Final Reflection

My experience this quarter was an overall positive one. Coming into CS 247B, I had little – if any – familiarity with design thinking and the design process. My experience in the only other design studio I had taken before – CS 147 – was hasty, rushed, and didn’t allow for much actual learning of design as it allowed for a cursory survey of the process. What I’m trying to say is that I didn’t really understand the design process and the reasons why we take each step and do each assignment prior to CS 247B. Thankfully, I can say that this course showed me the light – now I have a better understanding of why we do the things we do.

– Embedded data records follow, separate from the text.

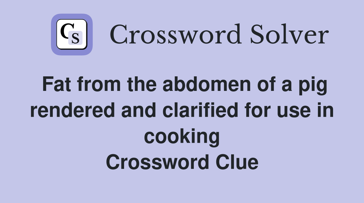 Here are some of the images for Rendered Fat Crossword Clue that we found in our website database.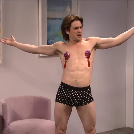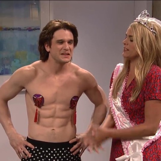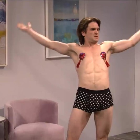При содействии других актеров проекта он принял участие в съемках популярного шоу Saturday Night Live на телеканале NBC. В рамках программы актер поимпровизировал в ряде скетчей, для чего кардинально сменил имидж - сбрил бороду и усы, а также выпрямил свои фирменные кудри.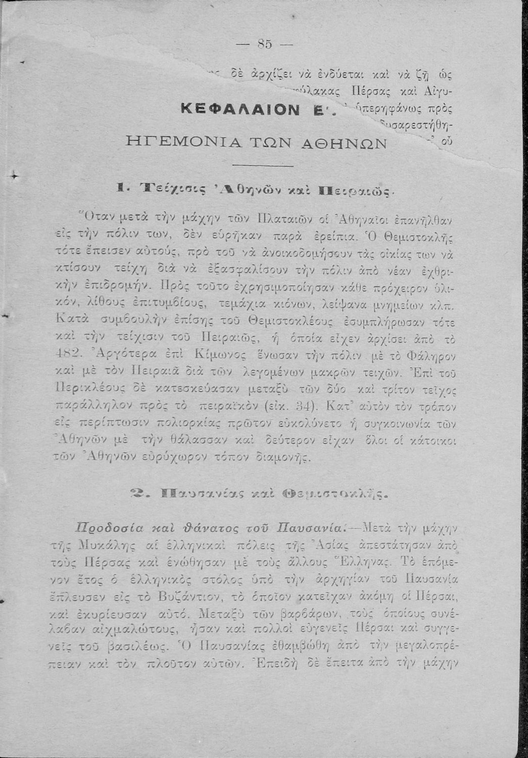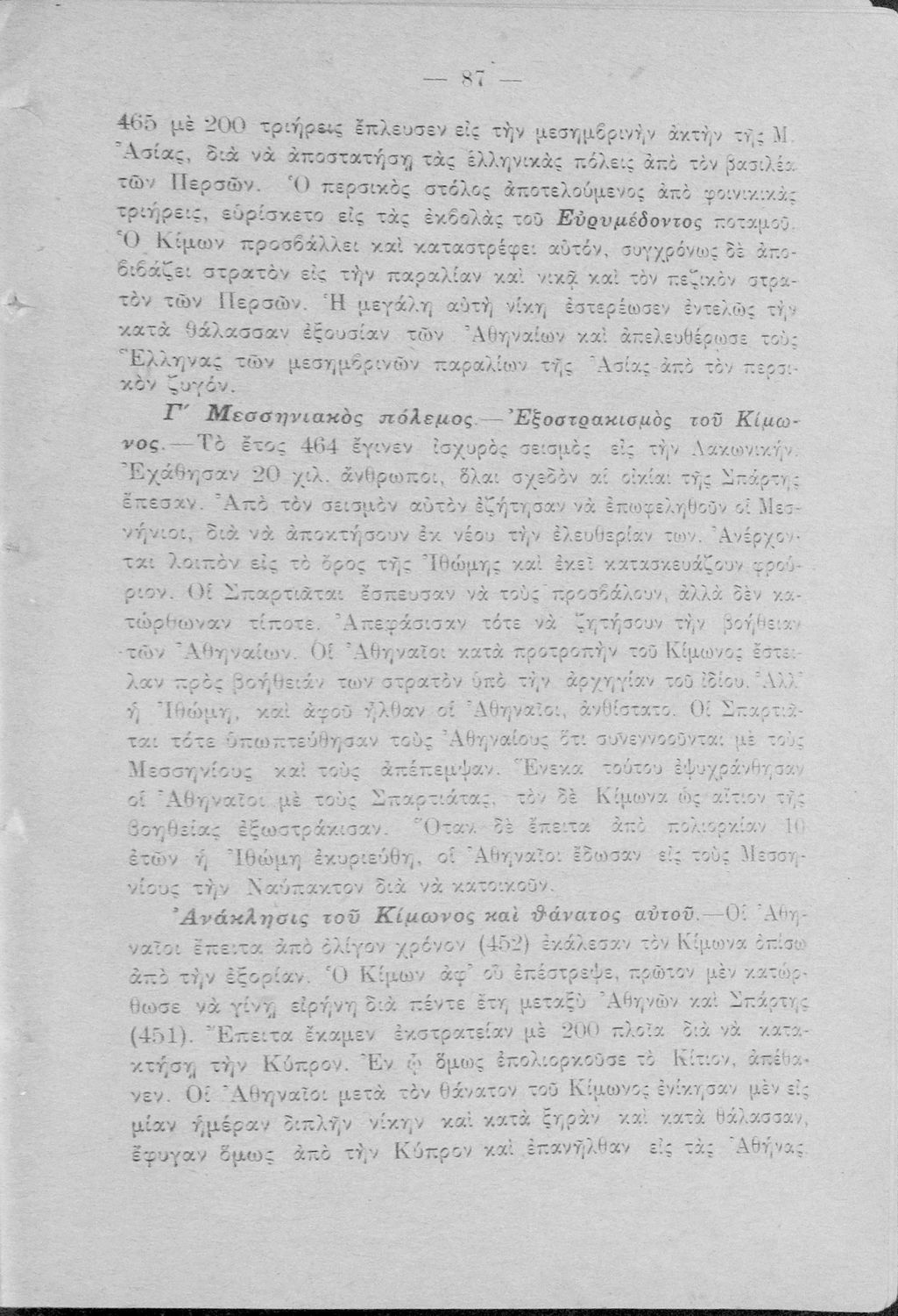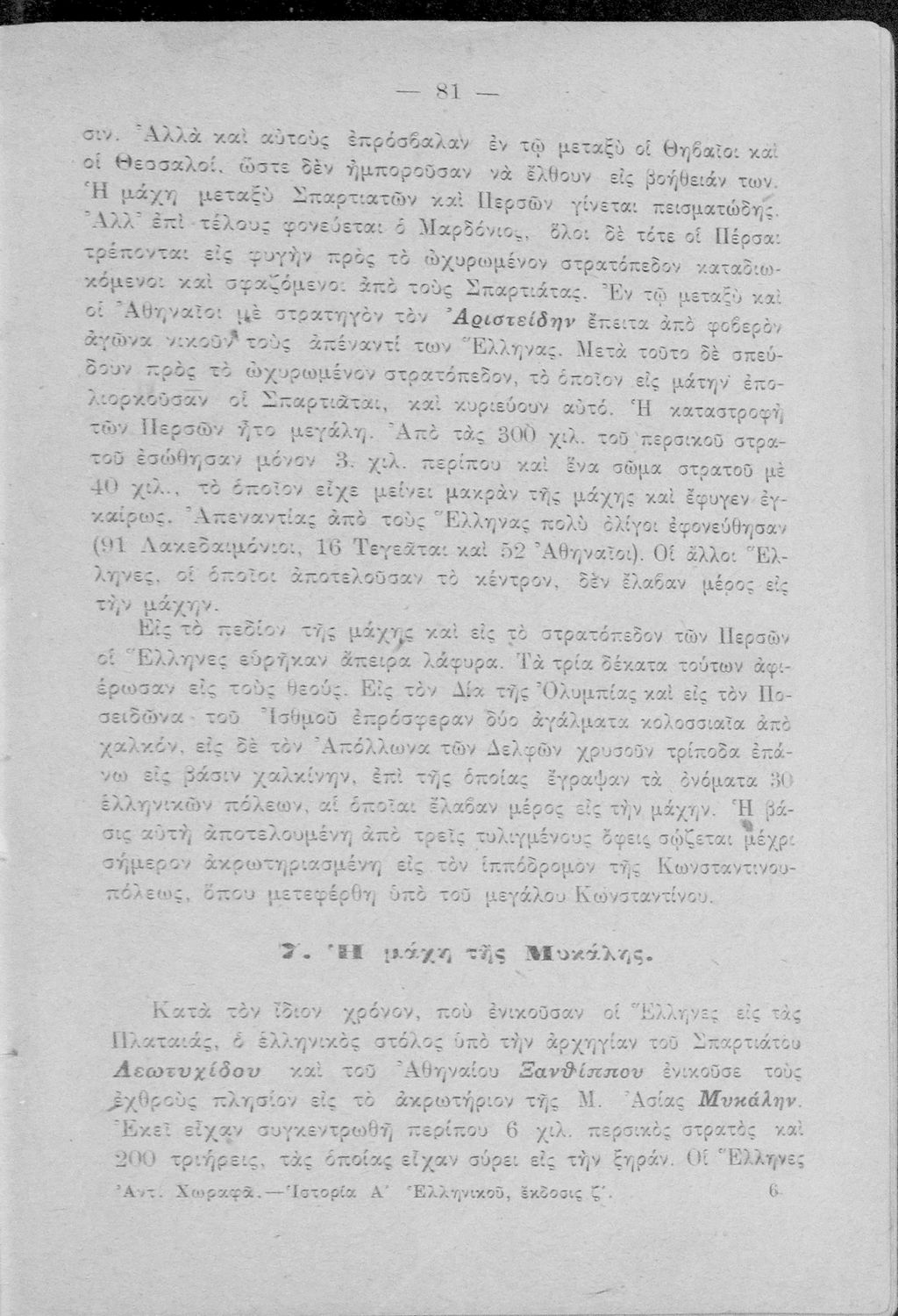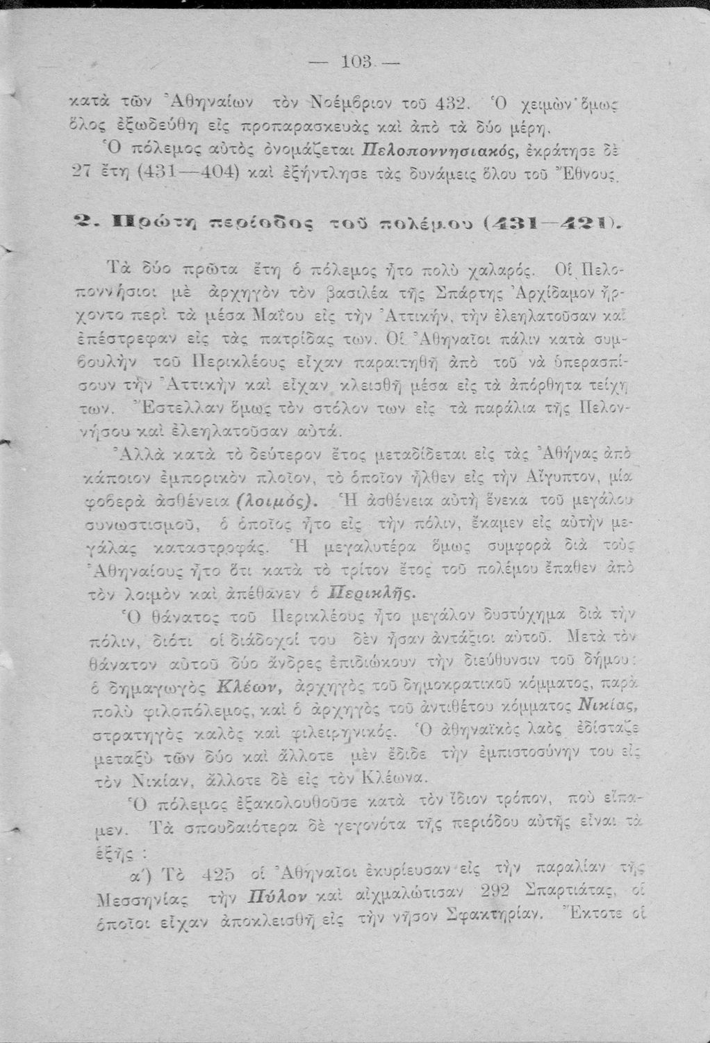 Σχολικό εγχειρίδιο Ιστορίας Α΄ Ελληνικού Σχολείου και Παρθεναγωγείου που καλύπτει την περίοδο από τους ηρωικούς και μυθικούς χρόνους μέχρι την μάχη της Μαντινείας και τον θάνατο του Επαμεινώνδα.

When I think back on the work we did this quarter, the part of the process that stands out to me most was the solution finding. To me, solution finding was the most engaging and instructive part of the design process. I really loved that we took the time and effort to build, test, and iterate on a solution – it really felt like we did several cycles of design to refine our solution. We first create a partial solution via an intervention, test it, then incorporate that feedback into our design. Then, we question our assumptions, design another set of interventions, test those, and incorporate the feedback into our design. And then we design a more polished solution, see how users interact with it, and incorporate that feedback into our design. All along the way, we learned so much about the users’ true wants and desires – and effectively incorporated them into our solution. This is key!

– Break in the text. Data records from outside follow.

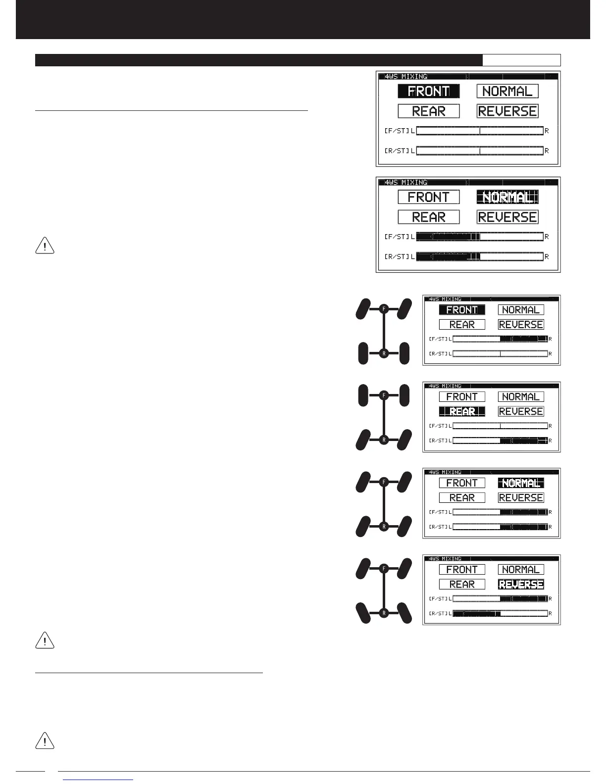 1) In order to control the Four Wheel Steering function, the 4WS MIX function must be Assigned to either one of the five Trim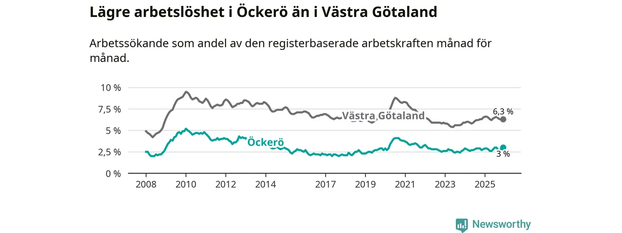 Ny statistik från Arbetsförmedlingen visar på en uppgång i arbetslöshet i Öckerö kommun. I Västra Götaland däremot minskar arbetslösheten.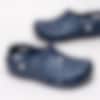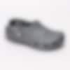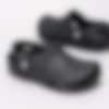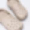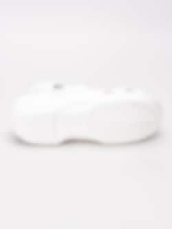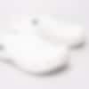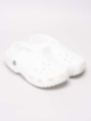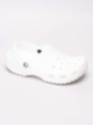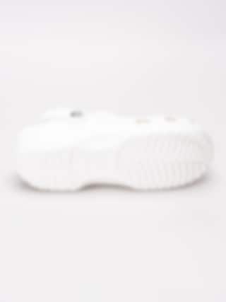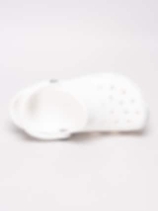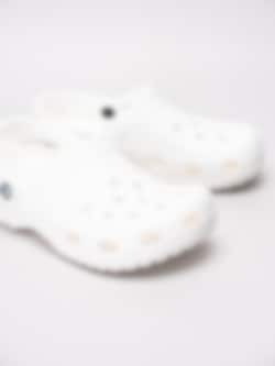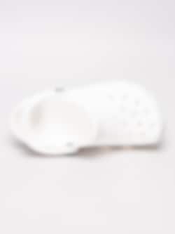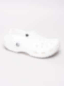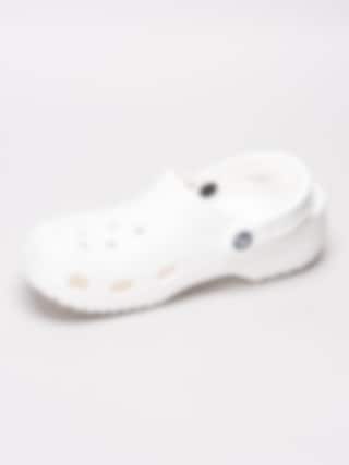 Vita tofflor Classic Clog från Crocs tillverkade i mjukt Croslite material för ökad komfort och stötdämpning. Lufthål på ovandel och vid främre partiet. Rem som går att fälla upp och ned. Rund svart plastbit med vit logga som håller remmen på plats. Yttersula i syntet med randigt mönster.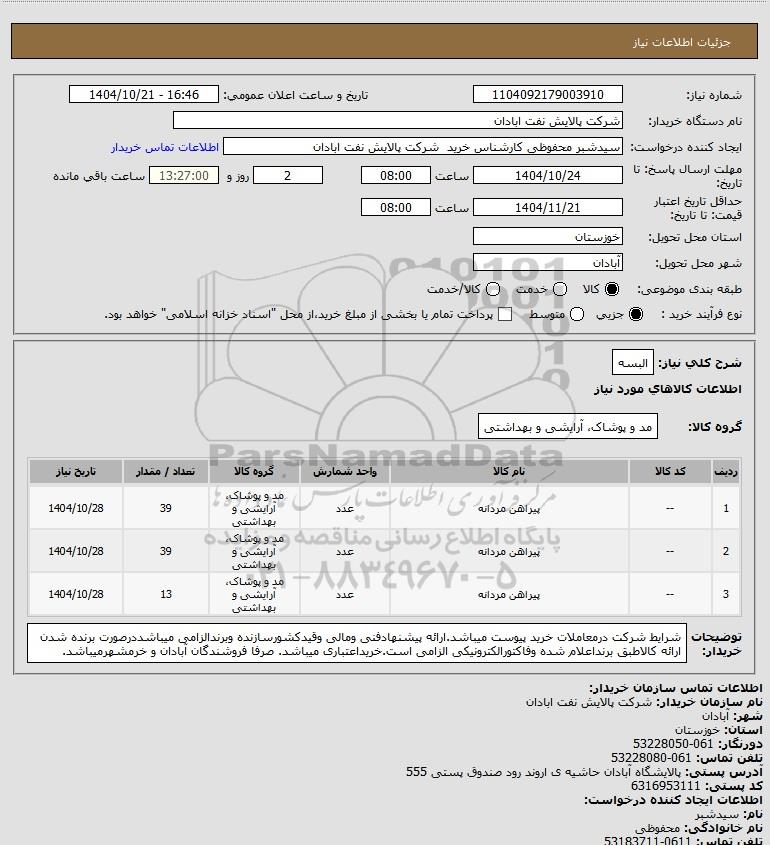 شماره نیاز: 1104092179003910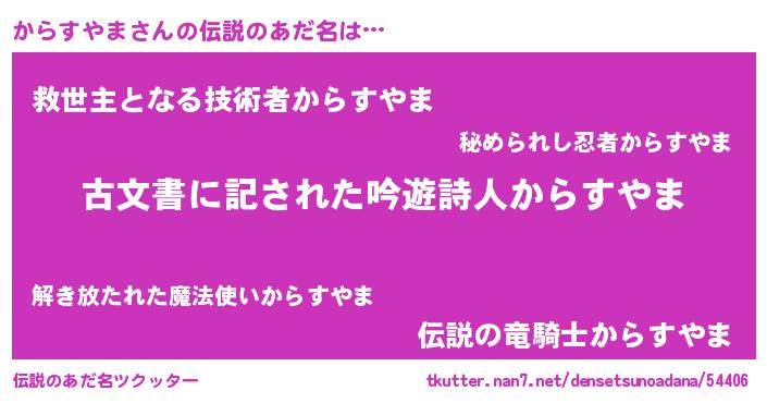 | ヘコむあだ名 | 『からすやま(笑)』『からにー』 |

This idea of paying attention to the user – and I mean, really picking apart how the user feels and why they feel they way they do – will stick with me long after I graduate from Stanford’s campus. As someone who spent their undergrad studying among only the most technically-oriented and design-deficient courses, I have first-hand experience observing the brightest minds of our generation create the most mindless, consumer-lacking solutions for whatever problem they think exists. It is a little disheartening to know that the design process is not a required or emphasized part of a CS education – because, in my eyes, it is the most important consideration one needs to create a user-friendly solution. What’s the point of creating something for users if you don’t even seek out what the user’s want or feel? At that point, you are creating something that serves no one – and who wants that? In any case, I will sincerely take my experience with the design process into my professional and personal work in software engineering.

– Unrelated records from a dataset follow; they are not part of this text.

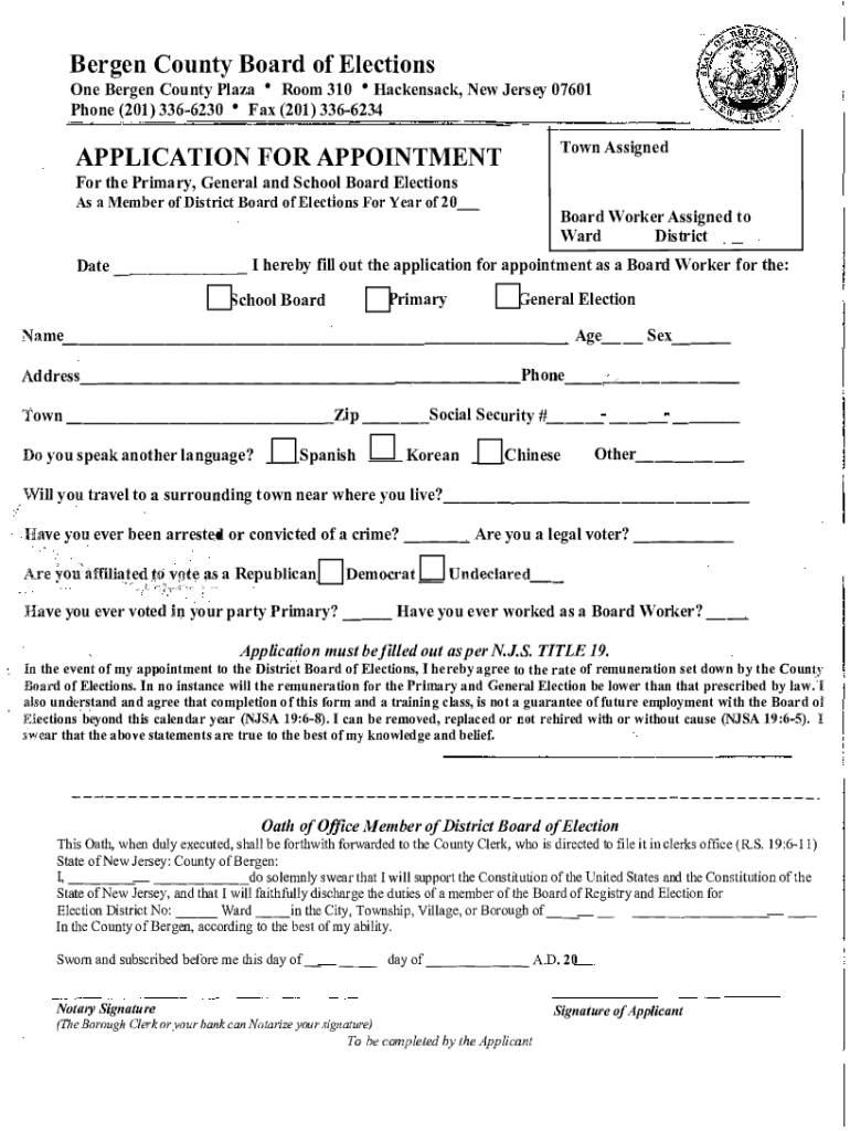 Bergen County Board of Elections Bergen County Plaza Room 310 Hackensack, New Jersey 07601 Phone (201) 3366230 Fax (201) 3366234APPLICATION FOR Appointment the Primary, General and School Board Elections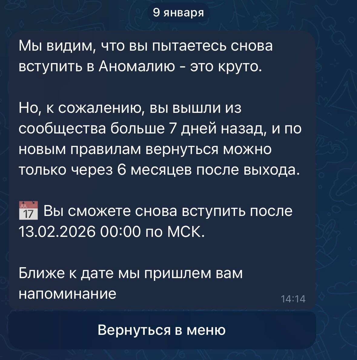 Пытался как-то зайти в комьюнити Гребенюка. Зашёл, отдал 5к, а получил, по сути, просто базу знаний: вещи очевидные, которые и так знал или мог найти в открытом доступе. В целом кое-что было занятно, но на тот момент ценности для себя не увидел. Ну и отписался. Думал, что если понадобится, то вернусь. И вот в новом году с новой стратегией появилась необходимость в нетворкинге, и я вспомнил про тамошнее комьюнити. Решил вернуться, а там… такой интересный ход! Вроде бы клиент хочет вернуться, и нужно максимально упростить задачу, да? А тут — движение в обратном направлении… и чёрт, классно же! В прошлый раз отписался, потому что не видел ценности. А сейчас, даже если вернусь и снова ценности не получу, уже десять раз подумаю, стоит ли отписываться.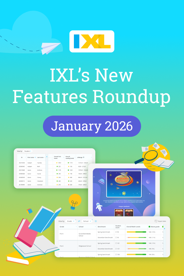 Keep reading below for a roundup of releases from January, including IXL LitRange, Spanish language arts games, multiple groupings for LevelUp™ Diagnostic results data, and more! To stay current with our latest updates, follow IXL on Facebook, Instagram, X, and LinkedIn.

Still, there are a few parts of the design process that I could use more practice with. I still find myself struggling with the graphic part of design thinking – I struggle with sketch notes and mood boards and style tiles, and I have no clue how I would make an app’s digital design all on my own. It feels like the folks who do best with these parts have a sort of creative intuition that I don’t – and I am desperate to cross this barrier.

I really appreciated the inclusion of ethical discussion in this quarter’s process as well. Very few computer science classes seriously discuss ethics at all, fewer discuss it more than once, and even fewer incorporate the learnings into the solution. I appreciate having the opportunity to learn more about topics in ethical design, and to discuss those concerns with the people around me – even though we could never find an easy answer to the questions. I was most impressed with the instruction into inclusive and universal design – I’ll try to always look out for users and use-cases in my “blind spot”.